By pomm79, Jun 9 2017 07:00PM
Many males are strongly attracted to the top pheromone scent marks of females in estrus and also sniff and lick the genitalia of these females (c.f. Michael and Zumpe 1972). Galago senegalensis E. Geoffroy, Loris tardigradus and Perodicticus potto females produce a conspicuous vaginal discharge at the time of estrus.
In Loris and Perodicticus it is mixed with urine during marking and in all three species it has an extremely strong attraction for the male, very likely informing him about the pheromonal condition of the female and at the same time arousing his sexual activities (Sauer and Sauer 1963; Doyle et al. 1967; Seitz 1969). Female Lemur cam show a peak of genital marking during and after estrus (Jolly 1966).
They press the inner surfaces of the labia against the substrate and apply vaginal mucus and probably urine (Evans and Goy 1968). In marmoset monkeys, scent marking frequency increases immediately before and after copulation (Epple 1970). Female Callimico goeldi (Thomas) impregnate their tails with urine and the secretions of the circumgenital scent glands with increased frequency during estrus. The male apparently keeps a check on the reproductive condition of the female by regularly smelling and licking her genital scent glands and urine.
The pheromonal chemical cues from the female seem to initiate courtship and mating during estrus (Lorenz 1972). In another South American monkey Saimiri sciureus, Latta et al. (1967) report that receptive females show the increased urine washing of hands and feet and that males increasingly smell female odors during this time. Spider monkey (Ateles belzebuth E. Geoffroy and Ateles geoffroyi Kuhl) males in capitivity and under natural conditions frequently sniff, lick and even drink the urine of females in all phases of the sexual cycle, including pregnancy. They also sniff their own hands after handling the clitora of females and investigate places where females sat. Since females do not show any visual signs of cycling, Klein (1971) suggests that olfactory clues are the main transmitters of in- formation on the reproductive condition of the female.
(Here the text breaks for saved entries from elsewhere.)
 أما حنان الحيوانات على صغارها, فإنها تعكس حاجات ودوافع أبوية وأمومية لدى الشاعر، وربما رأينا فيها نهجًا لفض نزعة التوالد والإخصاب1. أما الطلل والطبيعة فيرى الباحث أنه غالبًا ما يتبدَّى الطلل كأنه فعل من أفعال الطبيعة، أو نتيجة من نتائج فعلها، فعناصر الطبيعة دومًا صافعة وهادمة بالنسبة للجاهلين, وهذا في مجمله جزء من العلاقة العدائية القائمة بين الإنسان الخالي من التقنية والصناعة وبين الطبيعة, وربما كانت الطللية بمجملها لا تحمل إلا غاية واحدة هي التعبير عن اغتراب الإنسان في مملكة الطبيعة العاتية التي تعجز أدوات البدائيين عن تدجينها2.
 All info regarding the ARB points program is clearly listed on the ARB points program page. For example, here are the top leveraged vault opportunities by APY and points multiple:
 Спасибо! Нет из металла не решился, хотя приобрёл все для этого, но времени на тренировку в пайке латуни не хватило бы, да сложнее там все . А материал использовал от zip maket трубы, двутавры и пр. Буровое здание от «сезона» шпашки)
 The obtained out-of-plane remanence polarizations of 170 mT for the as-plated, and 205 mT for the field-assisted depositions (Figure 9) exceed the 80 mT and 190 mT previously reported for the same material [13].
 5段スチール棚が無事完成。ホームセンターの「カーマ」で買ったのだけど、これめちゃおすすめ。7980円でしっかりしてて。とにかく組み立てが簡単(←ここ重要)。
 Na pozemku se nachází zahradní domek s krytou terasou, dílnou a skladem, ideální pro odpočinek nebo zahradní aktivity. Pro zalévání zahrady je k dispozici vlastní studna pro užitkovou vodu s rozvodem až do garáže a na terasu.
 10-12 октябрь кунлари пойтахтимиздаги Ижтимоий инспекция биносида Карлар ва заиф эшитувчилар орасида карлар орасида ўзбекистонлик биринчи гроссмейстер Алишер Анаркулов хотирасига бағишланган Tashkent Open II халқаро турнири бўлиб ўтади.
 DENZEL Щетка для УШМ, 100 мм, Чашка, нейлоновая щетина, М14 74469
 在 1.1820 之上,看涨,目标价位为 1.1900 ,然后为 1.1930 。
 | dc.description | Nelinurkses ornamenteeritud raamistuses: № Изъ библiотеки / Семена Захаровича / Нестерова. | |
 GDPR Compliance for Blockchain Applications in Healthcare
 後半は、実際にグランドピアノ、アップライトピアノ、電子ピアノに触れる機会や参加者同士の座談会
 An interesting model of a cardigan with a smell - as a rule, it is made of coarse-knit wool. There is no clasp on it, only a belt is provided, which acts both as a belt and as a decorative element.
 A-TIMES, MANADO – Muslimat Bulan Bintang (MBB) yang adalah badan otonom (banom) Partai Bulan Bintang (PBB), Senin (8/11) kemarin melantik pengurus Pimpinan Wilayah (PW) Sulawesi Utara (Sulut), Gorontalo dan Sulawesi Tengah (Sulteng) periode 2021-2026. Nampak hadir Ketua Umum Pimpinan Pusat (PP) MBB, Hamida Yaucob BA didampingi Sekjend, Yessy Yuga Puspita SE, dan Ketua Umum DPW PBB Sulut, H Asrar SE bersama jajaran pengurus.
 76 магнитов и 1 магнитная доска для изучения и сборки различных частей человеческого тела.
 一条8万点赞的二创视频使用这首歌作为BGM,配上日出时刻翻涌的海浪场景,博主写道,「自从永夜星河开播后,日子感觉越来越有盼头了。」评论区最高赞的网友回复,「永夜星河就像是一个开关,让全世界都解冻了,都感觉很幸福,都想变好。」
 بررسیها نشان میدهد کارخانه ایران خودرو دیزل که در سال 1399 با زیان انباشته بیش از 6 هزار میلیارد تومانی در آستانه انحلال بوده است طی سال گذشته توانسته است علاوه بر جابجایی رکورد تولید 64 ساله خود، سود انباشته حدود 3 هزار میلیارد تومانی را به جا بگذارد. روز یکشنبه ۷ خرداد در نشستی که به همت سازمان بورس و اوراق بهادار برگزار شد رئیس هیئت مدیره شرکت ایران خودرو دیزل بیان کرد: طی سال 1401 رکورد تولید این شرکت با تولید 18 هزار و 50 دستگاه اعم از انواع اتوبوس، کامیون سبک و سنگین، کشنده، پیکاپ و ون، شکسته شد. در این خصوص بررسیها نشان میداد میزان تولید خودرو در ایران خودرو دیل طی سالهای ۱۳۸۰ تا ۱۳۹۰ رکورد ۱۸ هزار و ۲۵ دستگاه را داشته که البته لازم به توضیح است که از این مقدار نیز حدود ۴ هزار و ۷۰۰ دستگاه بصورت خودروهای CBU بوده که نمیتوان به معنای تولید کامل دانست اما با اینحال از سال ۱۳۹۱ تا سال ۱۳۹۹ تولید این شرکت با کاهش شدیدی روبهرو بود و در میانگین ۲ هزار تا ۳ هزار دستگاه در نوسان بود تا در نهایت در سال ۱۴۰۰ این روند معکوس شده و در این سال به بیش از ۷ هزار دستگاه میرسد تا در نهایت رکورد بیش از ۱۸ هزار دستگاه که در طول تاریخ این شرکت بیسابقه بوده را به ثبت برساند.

In Old World primates, pheromone olfactory investigation of the females’ genitalia is com- mon. Rowell (1972) points out that in species whose females do not show conspi- cuous visual signs of cycling, olfactory investigation of the females by males is particularly common. For instance, in Macaca speciosa arctoides J. Geoffroy, which shows no female sexual swelling, males ~ prior to copulation — insert their fingers into the female’s vagina, sniffing them afterwards (Michael and Zumpe 1972). Evidence of chemical communication of sexual cycling is also found in Macaca radiata E. Geoffroy, again a species which does not show visual signs of female receptivity (Rahaman and Parthasarathy 1971).
Even in those species whose females show visual signs of cycling, pheromonal communication might be important. Michael and Keverne (1969) showed that the stimulation of intense redness of the sexual skin of ovariectomized rhesus monkeys by topical application of estradiol did not stimulate male sexual interest in these females. The application of sex pheromones to the same females, however, resulted in a dramatic increase in sexual behavior of males and pheromones.
Among all inferred primate sexual attractants the only one whose behavioral function, hormonal control and chemical nature has been analyzed in detail is the sex pheromone of the rhesus monkey, Macaca mulatta.